Fractured verdict threw up hung assembly in 2004

May 9th, 2008 - 8:07 pm ICT by admin  

A file-photo of Bahujan Samaj Party

Bangalore, May 9 (IANS) The last assembly election in Karnataka, held in April-May 2004 along with Lok Sabha poll, resulted in a fractured verdict for the first time in the history of the state legislature. The Bharatiya Janata Party (BJP) emerged as the single largest party winning 79 of the 224 seats while the Congress secured 65 and Janata Dal-Secular (JD-S) 58 seats.

Of the remaining 22 seats, independents won 13. Five seats went to the Janata Dal-United while the Communist Party of India-Marxist and the Republican Party of India got one each.

Regional parties like Karnataka Chaluvali Vatal Paksha (KCVP) and Kannada Nadu Party (KNP) also won one seat each.

Although the Congress secured 35.28 percent of votes, its strength in the lower house declined to 65 seats from 135 in September-October 1999.

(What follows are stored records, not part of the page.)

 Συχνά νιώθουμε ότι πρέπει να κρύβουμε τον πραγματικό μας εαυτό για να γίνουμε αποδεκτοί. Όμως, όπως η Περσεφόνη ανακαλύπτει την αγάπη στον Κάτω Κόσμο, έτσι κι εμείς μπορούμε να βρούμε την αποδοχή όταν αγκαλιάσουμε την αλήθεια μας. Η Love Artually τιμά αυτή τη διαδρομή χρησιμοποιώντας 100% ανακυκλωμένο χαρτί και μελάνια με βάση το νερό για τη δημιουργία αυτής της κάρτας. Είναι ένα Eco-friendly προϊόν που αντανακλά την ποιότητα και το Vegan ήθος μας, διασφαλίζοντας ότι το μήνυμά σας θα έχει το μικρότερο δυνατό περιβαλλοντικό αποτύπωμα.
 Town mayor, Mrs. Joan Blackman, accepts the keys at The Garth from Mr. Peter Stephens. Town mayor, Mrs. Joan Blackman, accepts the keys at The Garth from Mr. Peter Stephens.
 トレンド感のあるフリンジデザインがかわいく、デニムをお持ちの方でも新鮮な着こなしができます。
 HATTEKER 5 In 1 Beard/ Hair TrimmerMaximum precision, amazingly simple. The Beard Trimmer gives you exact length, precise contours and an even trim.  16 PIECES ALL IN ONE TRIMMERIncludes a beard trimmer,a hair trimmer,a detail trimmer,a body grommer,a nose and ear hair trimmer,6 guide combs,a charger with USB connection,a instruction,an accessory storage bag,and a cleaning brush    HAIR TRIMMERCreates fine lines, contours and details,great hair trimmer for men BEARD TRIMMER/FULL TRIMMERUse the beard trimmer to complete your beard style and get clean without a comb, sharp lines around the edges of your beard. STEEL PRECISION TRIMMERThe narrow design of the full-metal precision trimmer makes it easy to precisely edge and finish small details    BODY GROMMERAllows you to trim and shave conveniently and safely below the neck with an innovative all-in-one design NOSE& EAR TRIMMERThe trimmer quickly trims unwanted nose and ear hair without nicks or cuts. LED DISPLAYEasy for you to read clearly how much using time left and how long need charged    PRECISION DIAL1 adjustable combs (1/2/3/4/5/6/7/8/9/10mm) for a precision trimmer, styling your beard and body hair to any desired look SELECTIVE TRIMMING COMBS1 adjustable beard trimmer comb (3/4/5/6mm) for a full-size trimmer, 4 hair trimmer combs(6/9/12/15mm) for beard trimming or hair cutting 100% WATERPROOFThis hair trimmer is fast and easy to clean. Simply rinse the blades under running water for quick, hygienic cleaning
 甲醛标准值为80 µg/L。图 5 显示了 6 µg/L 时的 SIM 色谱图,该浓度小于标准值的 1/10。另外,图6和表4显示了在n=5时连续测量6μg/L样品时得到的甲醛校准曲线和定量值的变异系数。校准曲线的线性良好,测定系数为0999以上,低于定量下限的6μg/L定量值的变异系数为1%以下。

The BJP polled 28.49 percent of votes but won 79 seats whereas the JD-S mustered 20.59 percent for 58 seats.

Interestingly, the Bahujan Samaj Party (BJP), which made a debut, was the only party to have drawn blank though it secured 1.75 percent of votes. In the process, it damaged the prospects of the Congress in as many as 42 constituencies.

As the first state in the country to undertake the delimitation exercise, Karnataka will witness a three-phase poll from Saturday in the old Mysore region consisting of 89 constituencies in 11 southern districts including Bangalore, where the number of seats has shot up to 28 from 16.

Post-delimitation, the number of assembly segments in the state remains the same (224) despite change in the character and composition of almost each constituency.

Of the total seats, 36 are reserved for Scheduled Castes and 15 for Scheduled Tribes.